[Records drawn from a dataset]
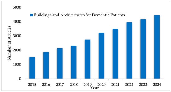 Figure 2 provides an overview of yearly publications on buildings and architectures for dementia patients over the last decade. To enhance the scientific rigor of this review and avoid potential issues such as data overlap or the inclusion of low-quality reports, the analysis has been refined to include only publications indexed in the Web of Science core collection. This approach ensures the representation of high-quality research. According to the refined data, the number of publications increased from 3329 in 2015 to approximately 11,849 in 2023, highlighting growing research support for integrating dementia-friendly buildings and community spaces into broader architectural frameworks.
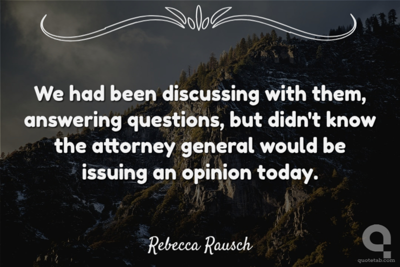 We had been discussing with them, answering questions, but didn't know the attorney general would be issuing an opinion today. Rebecca Rausch
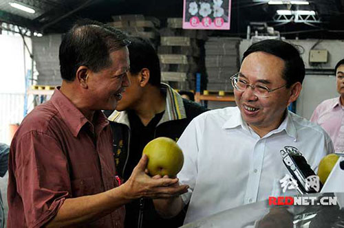 湖南和苗栗的情誼,今后將通過農(nóng)業(yè)經(jīng)濟等領域的合作,讓兩地百姓互惠而得以繼續(xù)。正在臺灣參訪的中共湖南省委副書記梅克保今天走訪苗栗農(nóng)會,他表示歡迎農(nóng)會帶技術來湖南辦農(nóng)場,或通過直銷把苗栗水果帶到湖南。隨行的湖南省連鎖商業(yè)協(xié)會會長胡子敬亦當場表態(tài),將全力以赴,組織湖南超市設立臺灣卓蘭鎮(zhèn)水果專柜。
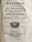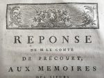 •16. Réponse de M. le Comte de Précourt, colonel d'infanterie, chevalier de l'Ordre Royal & Militaire de Saint Louis ; aux mémoires des sieurs d'Étienville, Vaucher & Loque. Paris, L.F. Prault, 1776. 16 p. (manque la fin de cette plaquette ; mouillure claire en marge de tête).
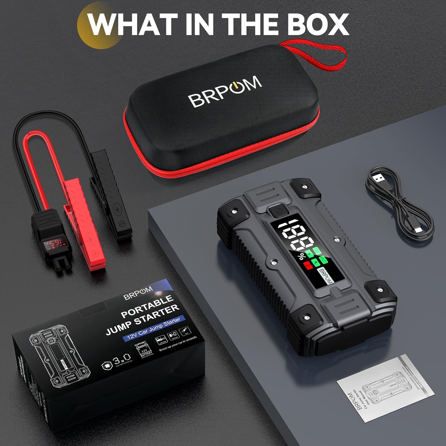 Car Jump Starter, 8000A Peak 26800mAh (Up to All Gas or 10.0L Diesel Engine, 50 Times) 12V Auto Booster Battery Charger Jump Box with Quick Charger Smart
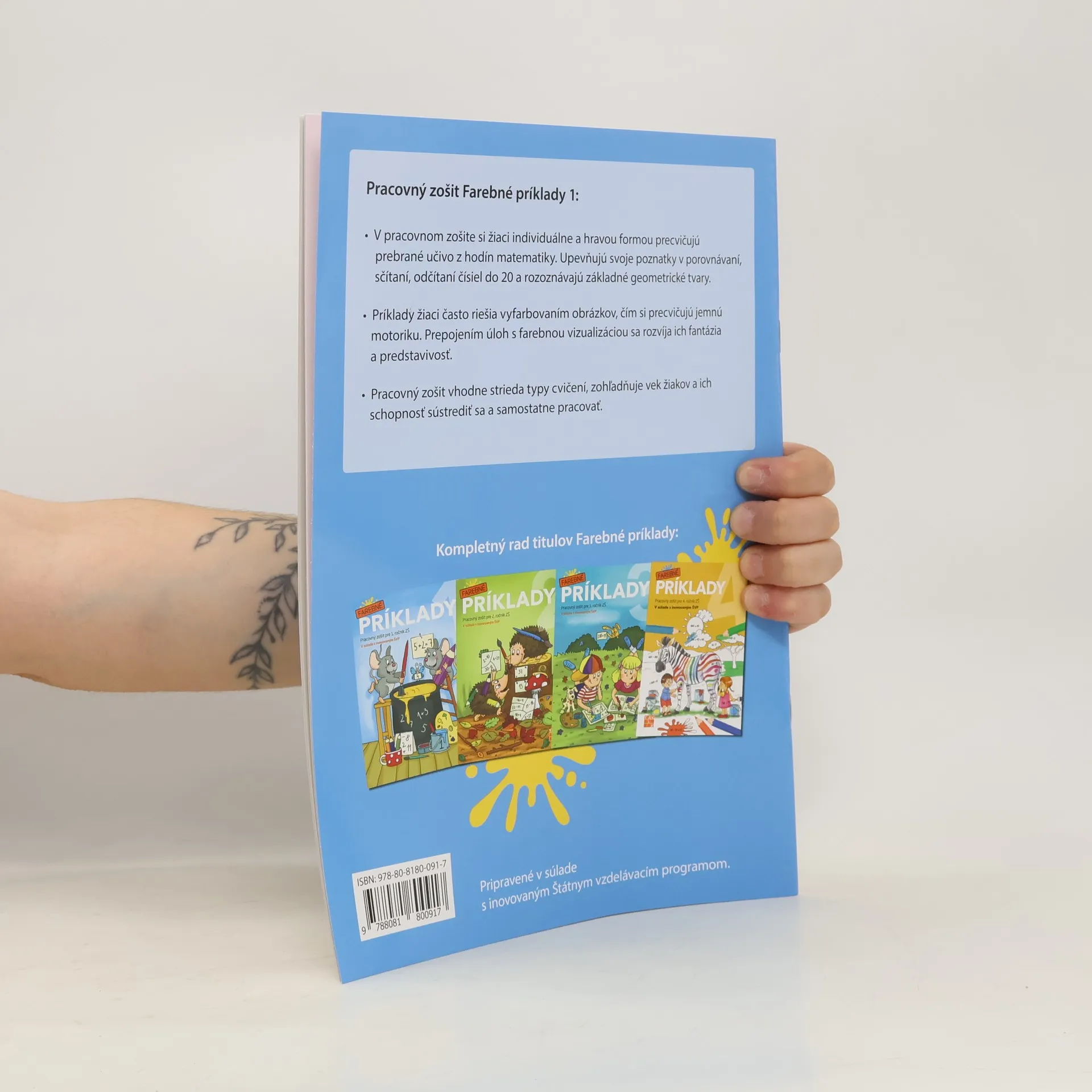 V pracovnom zošite si žiaci individuálne a hravou formou precvičujú prebrané učivo z hodín matematiky. Upevňujú svoje poznatky v porovnávaní, sčítaní, odčítaní čísiel do 20 a rozoznávajú základné geometrické tvary. Príklady žiaci často riešia vyfarbovaním obrázkov, čím si precvičujú jemnú motoriku. Prepojením úloh s farebnou vizualizáciou sa rozvíja ich fantázia a predstavivosť. Pracovný zošit vhodne strieda typy cvičení, zohľadňuje vek žiakov a ich schopnosť sústrediť sa a samostatne pracovať.
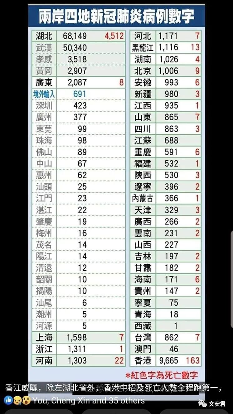 从全球各地抗疫表现来说,台湾、福建、香港、深圳,都算优等生。但如果互相比较,福建约3900万人500余病例,台湾约2300万人800余病例。深圳常住约2000万人400余病例,香港700万人约10000病例。跟深圳相比(3倍于香港的人口,交通上,早期湖北疫情更容易扩散到深圳,深圳更难控制),香港表现最差。跟福建相比(1.7倍于台湾人口,交通上,早期湖北疫情更容易扩散到福建,福建更难控制),台湾算表现一般。
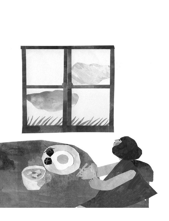 チーホは右手におはし、左手にスプーンを持(も)ったまま、前(まえ)に座っているおとうさんの後(うし)ろにある、窓(まど)の外の空をながめていた。
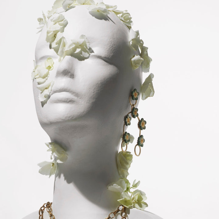 The Floral Highland Earring by Castlecliff is a statement-making piece handcrafted from recycled brass. It features hand-painted vintage ceramic blooms, giving it a unique, artisanal feel. The design is a bold and colorful update to a bestselling style. Each piece is unique due to the handmade process, and the earring is finished with a sterling silver post for comfort.
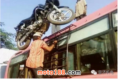 沒(méi)有任何的支撐,就這樣用頭頂著,雙手扶著階梯慢慢的上去,大家都知道摩托車的重量,不服的騎士可以自己試驗(yàn)!
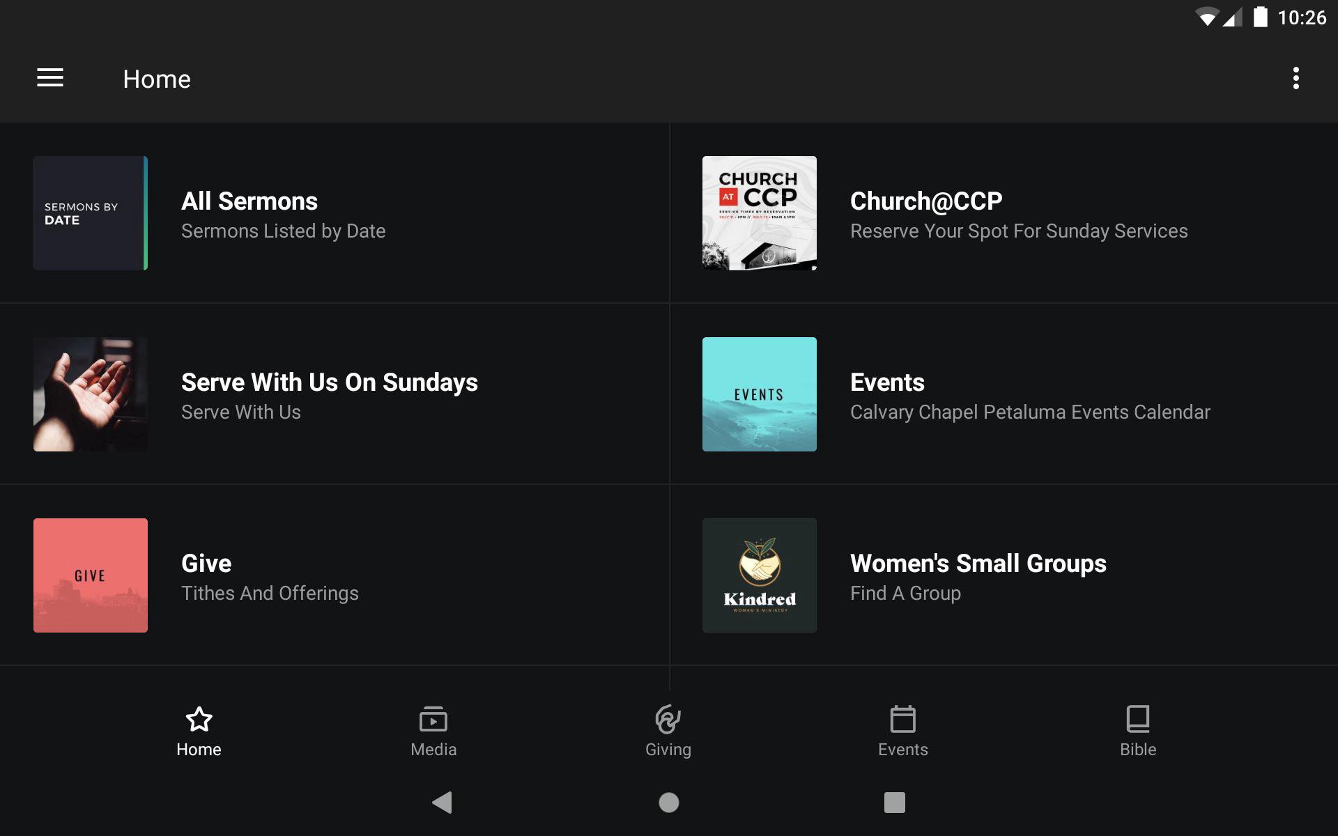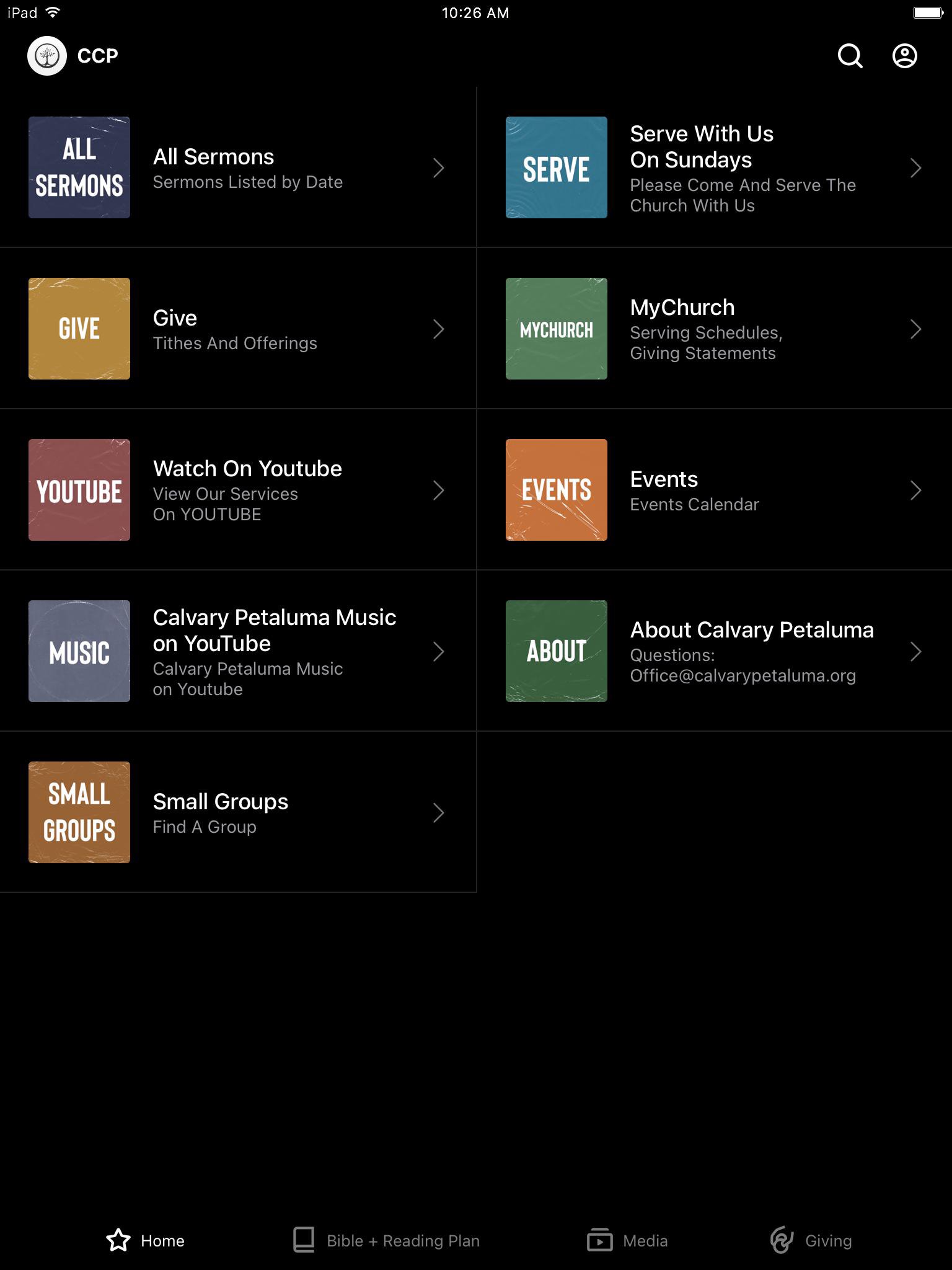 Download our Calvary Chapel Petaluma app to find information on upcoming events, listen to music written by our worship team, find our Bible reading plan, and more! At Calvary Chapel Petaluma we are a body of believers in Jesus Christ who want to grow in our love for God, our love for people, and to serve and reach the world. For more information about Calvary Chapel Petaluma, please visit: calvarypetaluma.org Features: Sermon audio and video Listen to music from our worship team Stay up-to-date with upcoming event information Integrated Bible and reading plan Weekly bulletin The Calvary Chapel Petaluma App was created with the Subsplash App Platform.
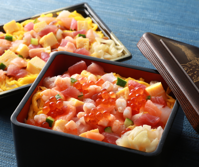 Chirashizushi là một món sushi phân tán, có nghĩa là các loại hải sản, trứng, rau củ và đồ trang trí được rải lên trên cơm trộn giấm. Chirashizushi thường được ăn vào ngày 3 tháng 3, là ngày Lễ hội búp bê Hinamatsuri để chúc phúc cho sức khỏe và hạnh phúc của các bé gái. Món ăn này có đầy đủ các loại nguyên liệu hải sản tươi sống, các loại rau củ và cơm, mang đến bữa ăn đầy đủ dinh dưỡng. Một số nguyên liệu phổ biến cho món Chirashizushi mùa xuân là trứng cá hồi, tôm, cua, trứng, đậu Hà Lan, củ sen, măng, nấm hương, hoa anh đào, v.v.
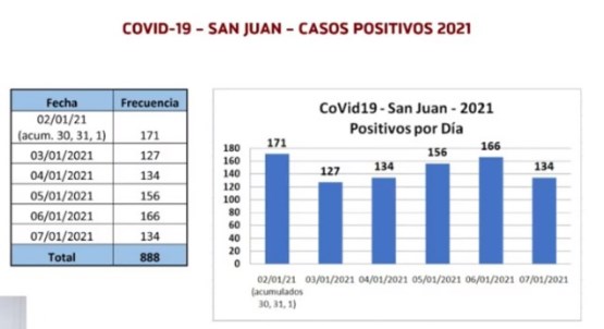 Para finalizar con el resumen, Jofré se refirió a los números de casos positivos de Covid registrados en la provincia durante la primera semana epidemiológica del 2021. Sostuvo que, "desde el 2 de enero hasta ayer 7 de enero los nuevos contagios suman 888".

Task to carry out: From the line with "从全球各地抗疫表现来说,台湾" up to and including the line with "沒(méi)有任何的支撐,就" above, retype every line exactly and nothing more; leave out the pictures.

Solution:
 从全球各地抗疫表现来说,台湾、福建、香港、深圳,都算优等生。但如果互相比较,福建约3900万人500余病例,台湾约2300万人800余病例。深圳常住约2000万人400余病例,香港700万人约10000病例。跟深圳相比(3倍于香港的人口,交通上,早期湖北疫情更容易扩散到深圳,深圳更难控制),香港表现最差。跟福建相比(1.7倍于台湾人口,交通上,早期湖北疫情更容易扩散到福建,福建更难控制),台湾算表现一般。
 チーホは右手におはし、左手にスプーンを持(も)ったまま、前(まえ)に座っているおとうさんの後(うし)ろにある、窓(まど)の外の空をながめていた。
 The Floral Highland Earring by Castlecliff is a statement-making piece handcrafted from recycled brass. It features hand-painted vintage ceramic blooms, giving it a unique, artisanal feel. The design is a bold and colorful update to a bestselling style. Each piece is unique due to the handmade process, and the earring is finished with a sterling silver post for comfort.
 沒(méi)有任何的支撐,就這樣用頭頂著,雙手扶著階梯慢慢的上去,大家都知道摩托車的重量,不服的騎士可以自己試驗(yàn)!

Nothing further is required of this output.